The social development bank for Europe
CEB supports small business in Italy with a €150 million loan to Cassa depositi e prestiti
4 November 2016
PARIS/ROME (4 November) - The Council of Europe Development Bank (CEB) andCassa depositi e prestiti SpA signed a framework loan agreement for € 150 million to facilitate access to financing for Italian micro, small and medium-sized enterprises (MSMEs).
The document was signed by Carlo Monticelli, the CEB’s Vice-Governor.
The aim of the € 150 million programme loan is to enhance the competitiveness of Italian MSMEs and to promote sustainable economic growth by supporting the objectives of “Plafond Beni Strumentali” apex facility. It is expected that unlocking access to financing for MSMEs and supporting entrepreneurial activity in the country will make a contribution to job creation and preservation.

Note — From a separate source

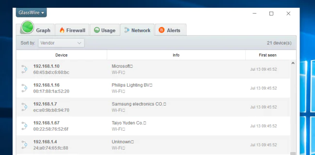 GlassWire güvenlik duvarı ve güvenlik sistemi yazılımı harika bir uygulamadır ve en harika özelliklerinden biri de, kablosuz ağınıza bağlanan tüm cihazları gösteren, kullanımı hızlı ve kolay bir Network (Ağ) seçeneği (menüsü) sunan bir Pro versiyonunun olması.

The funds provided by the CEB will be used by MSMEs for productive investment projects, including the acquisition of office and production premises, installations, vehicles, machinery and other equipment, for a total of up to € 2 million for each eligible business investment.
Commenting on the signing, Vice-Governor Monticelli said: “The Programme is geared towards facilitating MSMEs’ access to finance in order to enable them to finalise productive investments and create and maintain jobs, which is central to CEB’s mission. The loan agreement we signed will allow us to contribute to the MSME sector’s pivotal role in employment creation and economic growth, as recognised and jointly supported by the Italian Ministry of Economic Development and Cassa depositi e prestiti.
I trust that this financing marks the beginning of a deeper engagement process that will strengthen cooperation on investment themes common to our institutional mandates.”
Set up in 1956, the CEB (Council of Europe Development Bank) has 41 member states. Twenty-two Central, Eastern and South Eastern European countries, forming the Bank's target countries, are listed among the member states. As a major instrument of the policy of solidarity in Europe, the Bank finances social projects by making available resources raised in conditions reflecting the quality of its rating (Aa1 with Moody's, outlook stable, AA+ with Standard & Poor's, outlook stable and AA+ with Fitch Ratings, outlook stable). It thus grants loans to its member states, and to financial institutions and local authorities in its member states for the financing of projects in the social sector, in accordance with its Articles of Agreement.